New command: eazysvn branchpoint.
You can refer to tags in all commands that accept branch names; use a branch named “tags/tagname”. This works for all kinds of prefixes, e.g. “obsolete-branches/branchname” etc.
1.8.0 (2008-06-26)
Nice PyPI documentation page with a changelog.
New command: eazysvn tag.
eazysvn --version prints the version number.
1.7.0 (2008-06-11)
New command: eazysvn branchdiff.
1.6.1 (2007-12-12)
ezmerge accepts the -l (–list) option.
ezmerge branchname is short for ezmerge ALL branchname.
1.6.0 (2007-12-11)
ezmerge accepts the -d (–diff) option.
1.5.1 (2007-06-28)
ezrevert is short for eazysvn revert.
1.5 (2007-06-28)
New command: ezbranch, short for eazysvn branchurl.
1.5 (2007-06-28)
New command: ezbranch, short for eazysvn branchurl.
1.4.1 (2007-06-20)
Bugfix for eazysvn rmbranch.
1.4.0 (2007-06-11)
New command: eazysvn rmbranch.
New command: eazysvn mvbranch.
1.3.1 (2007-04-04)
Make ezmerge ALL trunk useful: merge changes from the branch point of the current branch, not from the start of trunk.
1.3 (2007-01-25)
New command: eazysvn revert.
1.2 (2007-01-16)
First setuptools-based release, thanks to Philipp von Weitershausen.
New command: eazysvn with four subcommands: merge (same as the old ezmerge command), switch (same as the old ezswitch command), help and selftest.
1.1 (2007-01-12)
New command: ezswitch.
Changed ezmerge output format to be clearer.
ezmerge now accepts ‘rXXX’ as revision numbers.
ezmerge XXX:YYY treats the range as SVN-compatible
ezmerge XXX-YYY is the new syntax for user-friendly inclusive ranges
ezmerge ALL branchname figures out the appropriate revision numbers to merge all of the changes made in that branch.
ezmerge now accepts -n (–dry-run) option.
ezmerge now accepts -h (–help) and shows a help message.
1.0 (2006-08-23)
The original ezmerge.py by Philipp von Weitershausen.
Some of the dates before version 1.7.0 may be approximate, and the changes misattributed to the wrong revision.
Licencing and source code
Eazysvn is licenced under the GNU General Public Licence version 2 or later.
You can get the latest source code with
git clone git://github.com/mgedmin/eazysvn.git
Eazysvn began life as Philipp von Weitershausen’s ezmerge.py.
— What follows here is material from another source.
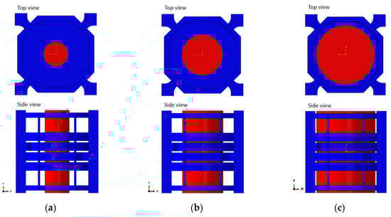 Based on the relationship of the cylindrical inner part and the lattice outer part using parametric constraints, when the size of the cylindrical inner part is increased, the internal geometry of the outer part must increase to maintain physical contact. This leads to varying quantities of material in each part, as shown in Figure 11. In turn, this will affect the manufacturing cost of the lattice structure, since AM processes are relatively costly, especially LPBF [7]. It is clear that the cost can be reduced by designing the lattice to have a ratio of as large as possible in this structure; however, for a target CTE of zero, this places restrictions on the CTEs of the selecting materials.

Then Marius Gedminas took over, created a home page, and started adding random features.
Bugs
Report bugs at https://github.com/mgedmin/eazysvn/issues
Wishlist/Todo
ezmerge should accept a comma-separated list of revisions (1,2,4-6,9).
There should be eazysvn rmtag and eazysvn mvtag.
eazysvn help cmd should be the same as eazysvn cmd --help and not an error.
eazysvn -n cmd should be the same as eazysvn cmd -n and not an error.
eazysvn should do an svn ls to discover the branching scheme in use (‘branch’ or the more traditional ‘branches’).